‣ Jerrick (OTC:JMDA) is a five-year-old company, which spent the startup phase developing a revenue-generating platform, built primarily for the creator and the broader creative community. Via an acquisition, the company recently started to generate meaningful revenues. Its main source of revenue is expected to be from its new subscription services sold to web-based content creators and the brands that are anxious to access the creators’ audience. It could now be at the beginning stages of rapid growth.
‣ Jerrick’s platform, Vocal, supports all forms of rich-media content: text, video, audio, images, products, and more. The platform has an easy-to-use open canvas content editor. Users can embed a variety of digital content including YouTube videos, Instagram posts, Spotify playlists, podcasts, and more directly into Vocal’s editor. The invention of the smartphone first allowed users to aggregate digital content, resources and services. Now, the Vocal platform provides users with aggregated digital content, resources, and services on a more targeted basis. Vocal is the next iteration of this aggregation trend, empowering the creative community with powerful storytelling resources and tools, which can be accessed more efficiently and effectively than could its predecessors, and from any device, whether on mobile, desktop or tablet.
‣ Jerrick has created a next generation platform for creating and sharing multimedia content on the web. Vocal was built in conjunction with Sydney-based development group Thinkmill, led by its founder Jed Watson. Its flexible architecture was built from the ground up using Keystone, a cost-efficient, and highly scalable development framework. Vocal’s technology offers a number of differentiating factors that can enable it to compete effectively with the likes of WordPress or Medium for both eyeballs and creators. Vocal’s scalable technology is easy to update and built to support future development, which should result in much lower operational costs than its legacy competitors.

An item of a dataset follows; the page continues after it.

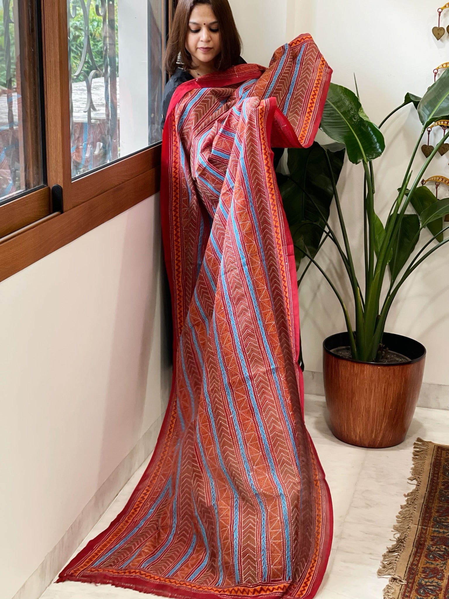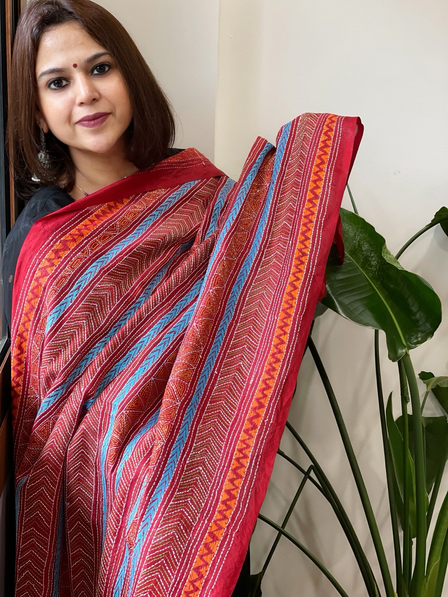 Expertly crafted and truly one-of-a-kind, our Handmade Kantha Dupatta in Silk is a masterpiece. Made from Bangalore silk and beautifully dyed and embroidered by Bengali artisans, each piece is a unique work of art. Elevate your wardrobe with this exquisite accessory.
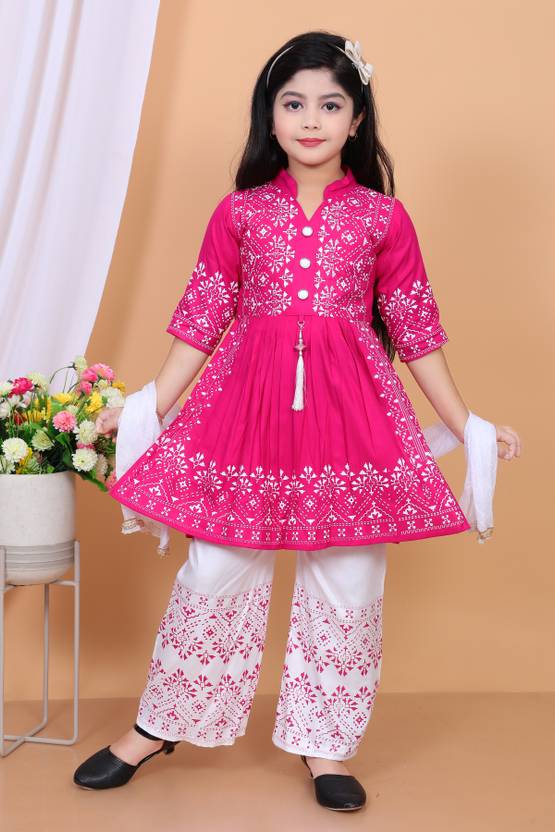 Maheera Fashion Baby Girls Festive & Party Churidar and Dupatta Set (Pink Pack of 1)

‣ Revenues are primarily generated from content creators and brands, not readers. There is no display advertising on the site or cost for readers to read/view content, both increasingly unprofitable business models. Not having a paywall encourages visitors and views, which supports revenues from brands through native advertising. Jerrick collects first-party data that can be used to help brands target audiences in third party systems such as Facebook, Instagram, and Snapchat, which works to optimize conversions on branded content campaigns. Through Jerrick’s acquisition of Seller’s Choice and its e-commerce based clientele, Vocal has expanded its technology into the direct-to-consumer marketplace, providing invaluable data to brands and the opportunity to work with Vocal for Brands.
‣ Viewership on the site is enhanced by proprietary search engine optimization (SEO) built into Vocal’s architecture. As creators amplify their content through their own social media channels, the optimization is further enhanced. Creators can get more views and greater discoverability by publishing content on Vocal as opposed to other sites geared toward short form content, which have limited search capabilities and discovery tools, as well as limited opportunities for content monetization.
‣ While platforms such as Medium, Patreon, Vimeo, and Automattic have burned through $100’s of millions of dollars and not reached profitability, Jerrick looks to reach operating breakeven at approximately $1.5 – 2 million in quarterly revenues. This could be reached as soon as the end of this year depending on how subscriptions ramp, based on its next generation technology, low cost architecture, and unique user generated content strategy. Additionally, on January 22, 2020 the company released a new offering for creators and brands–Challenges–which is expected to be a key revenue driver in 2020.
‣ Per an S-1 filed on September 27, 2019, the company is planning a $6-$7 million capital raise to support growth both internally and through acquisitions. At the same time, it will be rebranding and changing its name to Creatd, as well as uplisting to the NASDAQ, where it has an active application. Management expects the uplisting to take place in first quarter 2020. This cash raise should see it through to cash flow breakeven barring any outsized acquisitions.